Hi everyone,
I have a rather complicated task which I would love your input on. It consists of several tasks/ issues. Overall, the data look similar to this (beware: these data are fake and is only an example):
ID | Event_time | Event_east | Event_north | Poi_east | Poi_north | Notify_time | Pos_east | Pos_north | Pos_time1 | Pos_east1 | Pos_north1 | Pos_time2 | Pos_east2 | Pos_north2 | Pos_time3 | Pos_east3 | Pos_north3 |
1 | 11Feb2021:18:08:02 | 12.134963 | 55.461058 | 12.451788 | 55.421875 | 2021-02-11T18:09:55.000+01:00 | 12.124598 | 55.457985 | 2021-02-11T18:10:55.000+01:00 | 12.561334 | 55.876498 | 2021-02-11T18:11:55.000+01:00 | 12.457935 | 55.215469 | 2021-02-11T18:10:57.000+01:00 | 12.457896 | 55.897569 |
2 | 12Feb2021:16:12:00 | 12.457965 | 55.589512 | 12.021369 | 55.021369 | 2021-02-12T16:12:55.000+01:00 | 12.146026 | 55.012459 | 2021-02-12T16:12:56.000+01:00 | 12.012459 | 55.124598 | 2021-02-12T16:12:57.000+01:00 | 12.215498 | 55.124023 | 2021-02-12T16:12:58.000+01:00 | 12.459065 | 55.213026 |
I have several GPS- and timestamps (up to e.g. Pos_time60 and Pos_east60 etc). The different positions (pos_eastn and pos_northn may represent a route of a biker).
I want to:
1) Calculate the true-line distance from pos_east and pos_north (e.g. a biker's starting position) to event_east and event_north (the event). As I have several GPS stamps from 'the biker' (up to >60) I believe it could be done by straight-line calculation from pos_east to pos_east1 to pos_east2 to pos_eastn.... to event_east (the event). However, some of the last GPS-stamps from 'the biker' may be relatively close to the event GPS position. Therefore, the first position of 'the biker' within 25 meters from event_east and event_north should be used as the final position (if it makes any sense).
I do not know how to incorporate all this in the geodist function.
Thanks!
All best
/MM
Please provide an example of what you want to calculate. With 60 points it is not clear exactly what you are calculating. Do you want the distance between successive pairs of points, i.e. 60 additional values? One value of the cumulative distance as you go to point to point?
Instructions here: https://communities.sas.com/t5/SAS-Communities-Library/How-to-create-a-data-step-version-of-your-dat... will show how to turn an existing SAS data set into data step code that can be pasted into a forum code box using the </> icon or attached as text to show exactly what you have and that we can test code against.

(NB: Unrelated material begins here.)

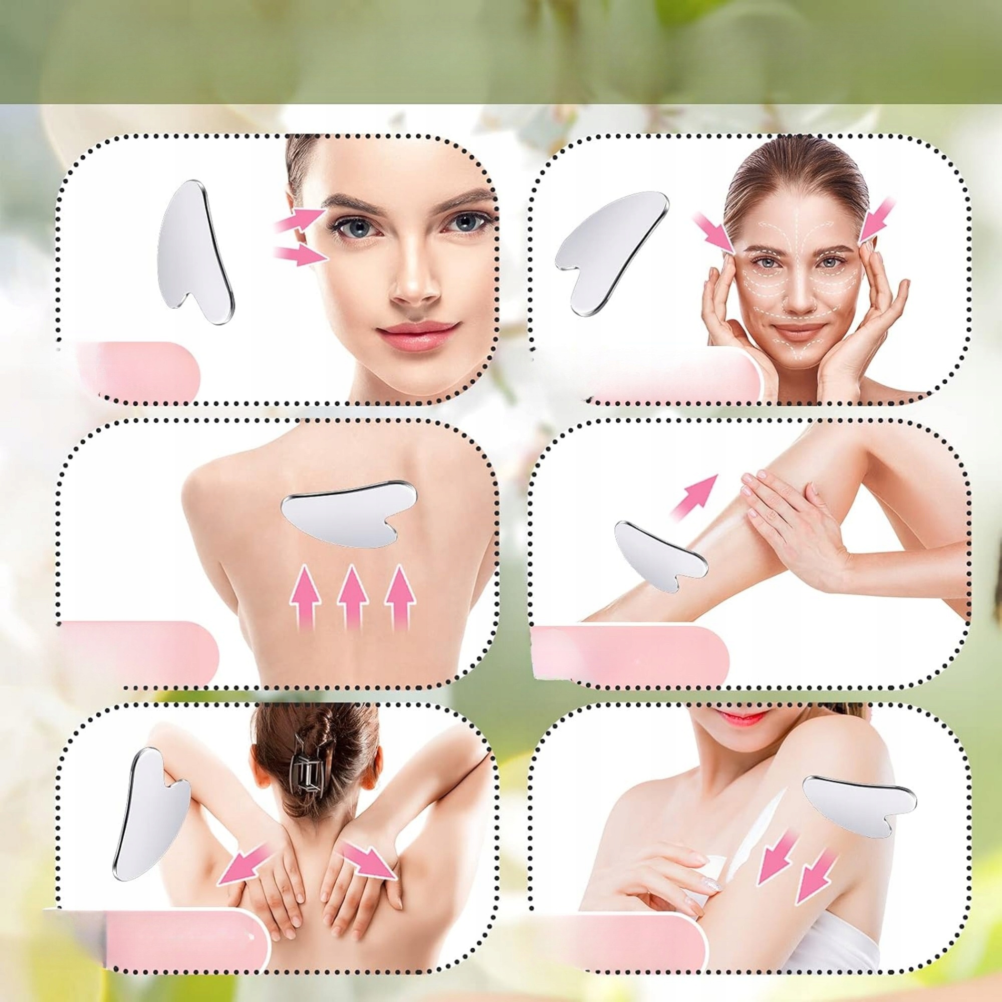 Высококачественный материал: инструмент Gua Sha изготовлен из высококачественной нержавеющей стали; обеспечивает стабильность и уменьшает трение, обеспечивая мягкую поддержку; Полированный на зеркальном сиянии, он гладкий и легко чистить; Это улучшенная версия традиционных камней Гуа Ша; В сочетании с массажными маслами или бальзамами плавно и аккуратно движется по коже без необходимости использовать чрезмерную силу

If you have data that is too sensitive to share either exclude the variable or change values so that they aren't sensitive.
I suspect that you be looking at a number of arrays such as this:
data example; set have; array pe (*) Pos_east: ; array pn (*) Pos_north: ; array d (60); do i= 1 to ( dim(pe) -1); d[i] = geodist(pn[i],pe[i],pn[i+1],pe[i+1]); end; cumd = sum(of d(*)); run;
which calculates the distance between successive points, if I understand your data, and places each distance in the array D. The totals all those values.
You can get the index position in the arrays of "last" assigned values by using the N function: lastindex = n(of pe(*));
and use that index with the array to the pair of values for comparison with that "first position", not really well defined.
BTW including "the biker" in your description does not provide any information as there is no variable in the data with that designation. If you mean by ID, then use that since it is in the data.
data example;
set have;
array pe (*) Pos_east: ;
array pn (*) Pos_north: ;
array d (60);
do i= 1 to ( dim(pe) -1);
d[i] = geodist(pn[i],pe[i],pn[i+1],pe[i+1]);
*distance to event;
d2event = geodist(pn[i], pe[i], event_north, event_east);
*exit out of array loop once closes distance to event is found;
if d2event < 25 then leave;
end;
cumd = sum(of d(*));
run;
Thanks for your time. I tried my best to explain it, I am sorry if it was unclear.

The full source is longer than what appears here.